The Medford Public Schools’ response to the February bomb scares are discussed in a very favorable light and the article provides insights from national experts representing the Educators’ School Safety Network (ESSN) ; National Association of School Resource Officers (NASRO); and NY Police Commissioner William Bratton.

“Last school year, there were 740 bomb threats aimed at schools, which was a 143% increase over the same period three years earlier. This is something that has been under the radar for quite some time, but now there’s been this really exponential increase in some states. In Massachusetts, we’ve had such a dramatic rise …we’re averaging 10-11 bomb threats a day”, said Amy Klinger, Director of Programs, Educator’s Schools Safety Network (ESSN).

“These threats have to be taken seriously, but, if there’s one thing we’ve learned, we don’t have to totally disrupt what’s going on in schools,” said Mo Canady, Executive Director, National Association of School Resource Officers, (NASRO).”

“During its bomb scare, Medford High School officials followed the district’s crisis management protocols and handled the incident efficiently, Belson says. The threat was delivered via an automated phone message, lacking details. A call to the police for their input revealed that other districts had received a similar call. All of this strongly suggested the threat was a hoax. With the building secured, school personnel, trained for the task, conducted a visual search of the campus and reviewed security camera footage, while students were kept in classrooms with a minimum of fuss. Ultimately, school leaders felt confident the school day could continue safely. Our basic premise is to keep these situations as normal as possible and try not to excite people or create any kind of chaos, said Belson. ”

“As part of Medford’s safety protocols, school leaders go a step farther than most: They stay in touch with police and key community leaders on a weekly basis to review potential problems in the community. We want to know what’s going on in our environment”, said Belson. Is there something festering out there in the community? Are there angry people or angry kids who might be talking about violence? ”

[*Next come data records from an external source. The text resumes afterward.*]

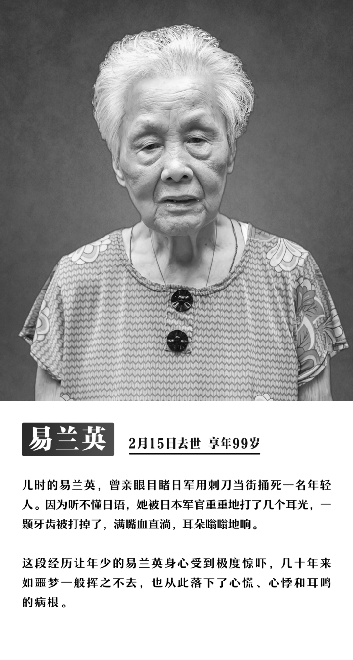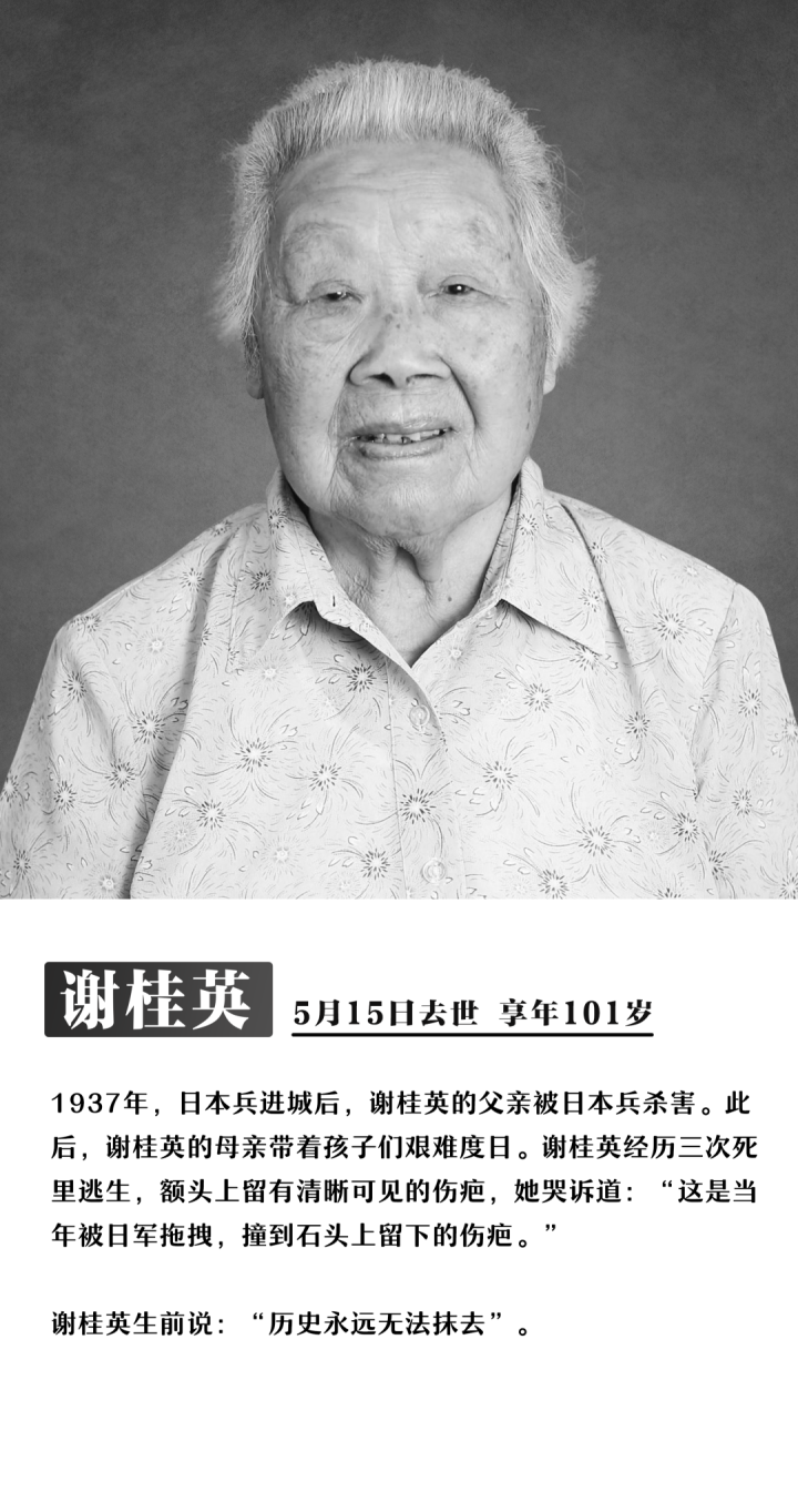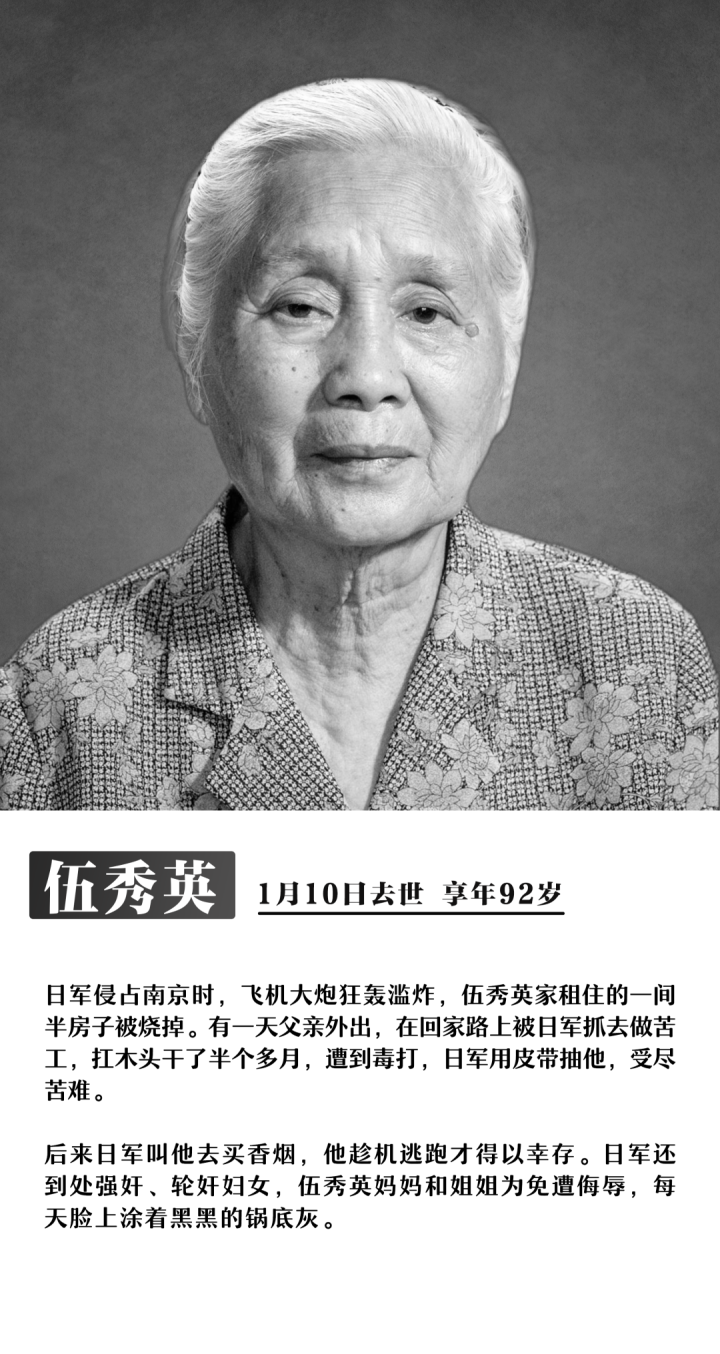 截至12月4日,今年已有8位南京大屠杀幸存者离世,他们没有等到今年的国家公祭日。他们是:艾义英、伍秀英、易兰英、陶承义、谢桂英、刘贵祥、熊淑兰、唐复龙。受害者们逐渐远去,但历史不容遗忘,事实不会因侵略者的巧舌抵赖而消失!不忘过去,逝者安息!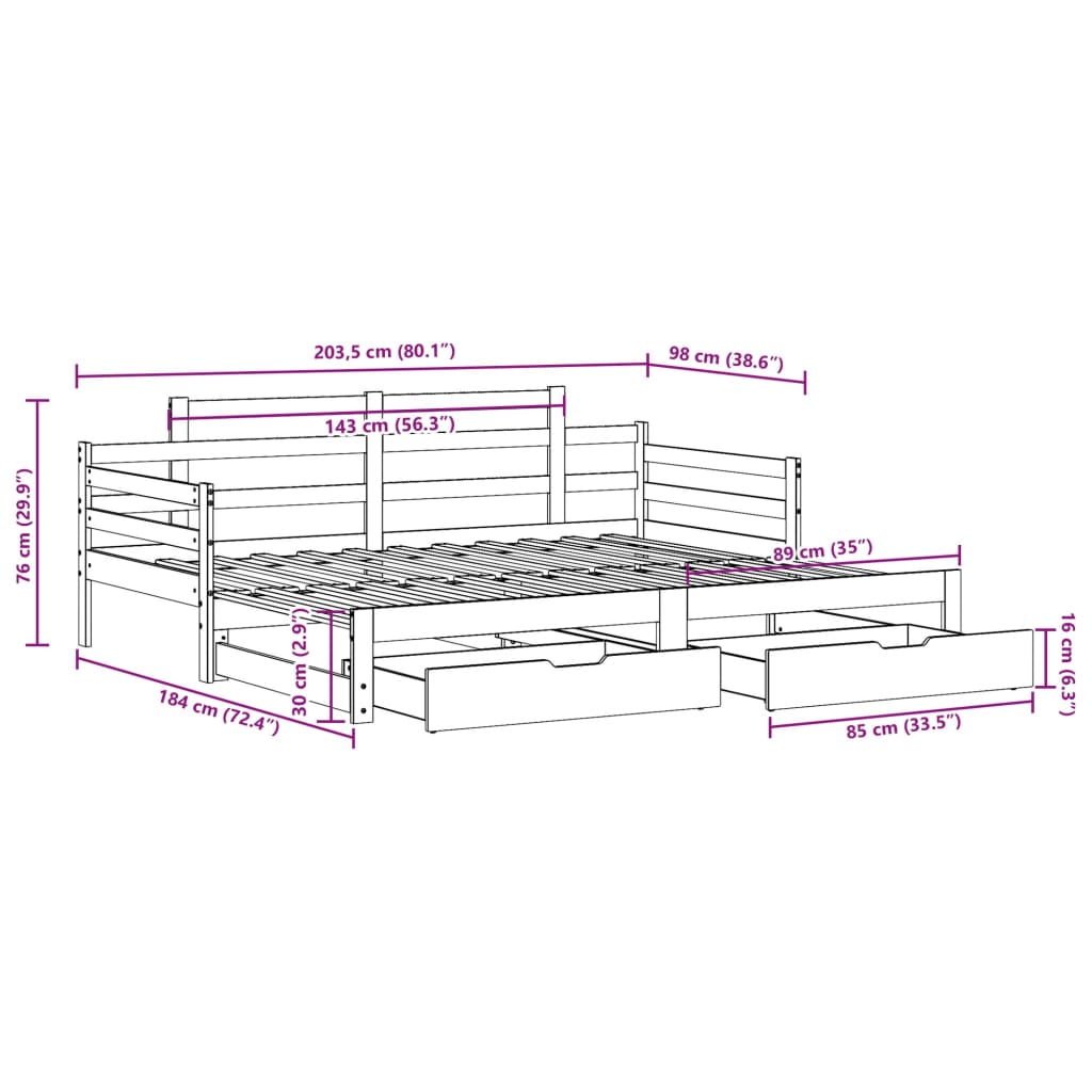 Vuodesohva rullilla ja laatikoilla ei patjaa 90×200 cm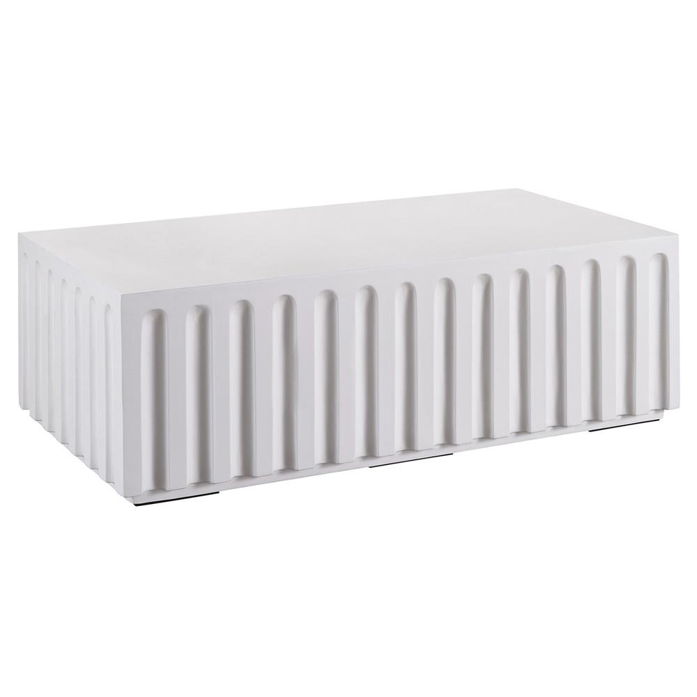 Jenieva French Country White Concrete Rectangular Block Outdoor Coffee Table

“Yet the incident did not pass without comment. Some parents were unhappy they weren’t informed earlier”, said Belson. Under the circumstances, such criticism was a relatively small price for the district to pay. Although nearly all bomb threats are a false alarm, such incidents exact a price: The potential for serious injury to students and staff demands a diligent response, which mean the work of administrators and key staff is immediately disrupted. If the threat is deemed serious enough, the school may be evacuated at the cost of lost instructional time, community panic and emergency response that could cost a community thousands of dollars.

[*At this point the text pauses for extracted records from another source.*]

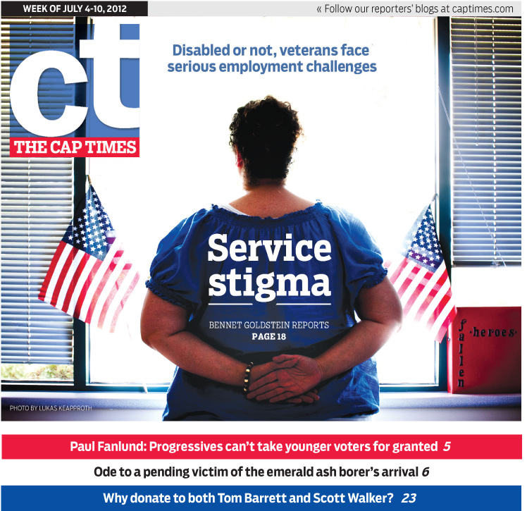 This week’s Cap Times features my photo on their front cover for a story about employment challenges facing returning veterans.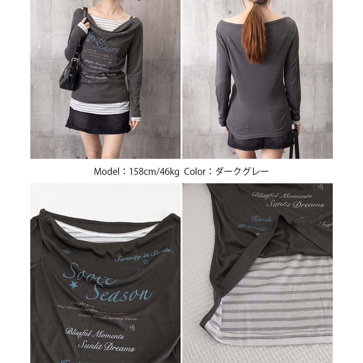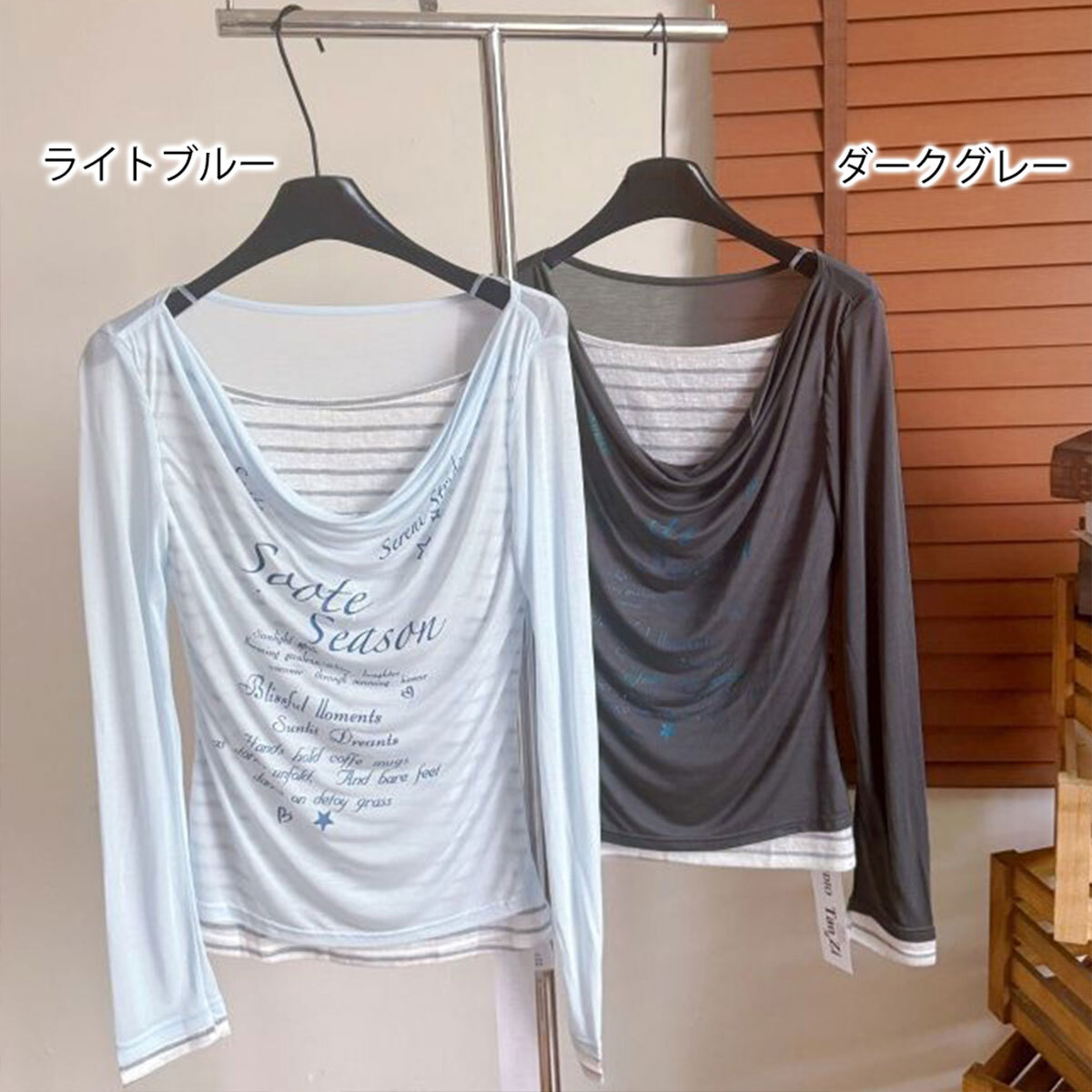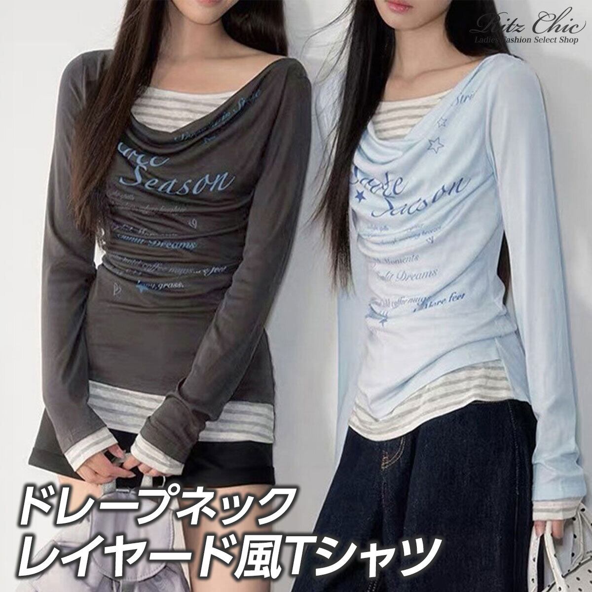 ドレープネック レイヤード風 Tシャツ 長袖 レディース 春秋 韓国 大人 カジュアル ストリート 原宿系 おしゃれ ロングTシャツ シアーTシャツ 薄手 大人可愛い 大人女子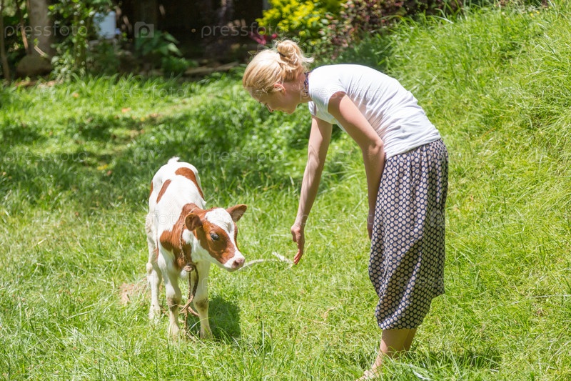 Женщина с теленком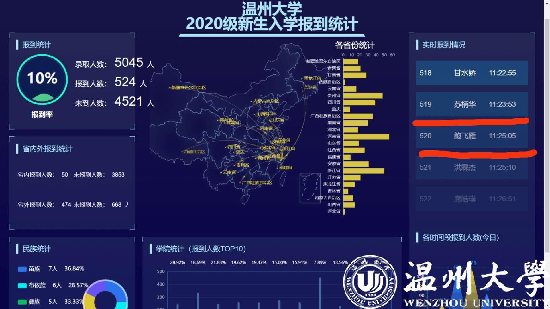 在火车站、汽车站和机场,学校按不同时段需求,派发校车专线,接送报到新生,学校的师生早早到位、贴心服务;校园内,温情而充满创意的迎新标语随处可见,接驳车穿梭在校园为新生运送行李,“易班”等平台为新生提供温馨的在线咨询服务,学生志愿者们热情地引导新生领取物品、入住公寓,场面十分温馨;在报到现场,入学手续简化,新生教育流程“前置”“绿色通道”畅通,“二维码”扫一扫一秒报到;大数据迎新系统升级优化,实时反馈新生数据,师生可以通过大数据平台和校园内的电子大屏实时查看新生报到情况,甚至可以实时查看自己是多少位报到的同学,与自己的报到号打卡合影。

Earlier this year, nearly identical threats of a school attack — and explosives already planted —were emailed to school officials in New York City and Los Angeles. But, while New York City officials quickly concluded the threat was a hoax and continued classes, Los Angeles officials decided to err on the side of caution and closed down the district’s 900 schools for a day. Officials in both cities stood by their decisions, but some questioned Los Angeles’ position, including New York City Police Commissioner William Bratton, who called LA’s decision a significant overreaction”.

Since the release of this article, Superintendent Belson has begun receiving inquiries from around the country about Medford’s practices and experiences. Medford’s model and preparation worked well and conforms to the best practices identified by school safety experts. “We are committed to remaining vigilant and we must continuously review our protocols and practices, but we are prepared and equipped to respond effectively to threats to our schools. Currently, our Principals are in the process of updating their multi-hazard emergency plans and scheduling appropriate drills at their respective schools. I plan to schedule a follow up discussion in the fall”, said Superintendent Belson.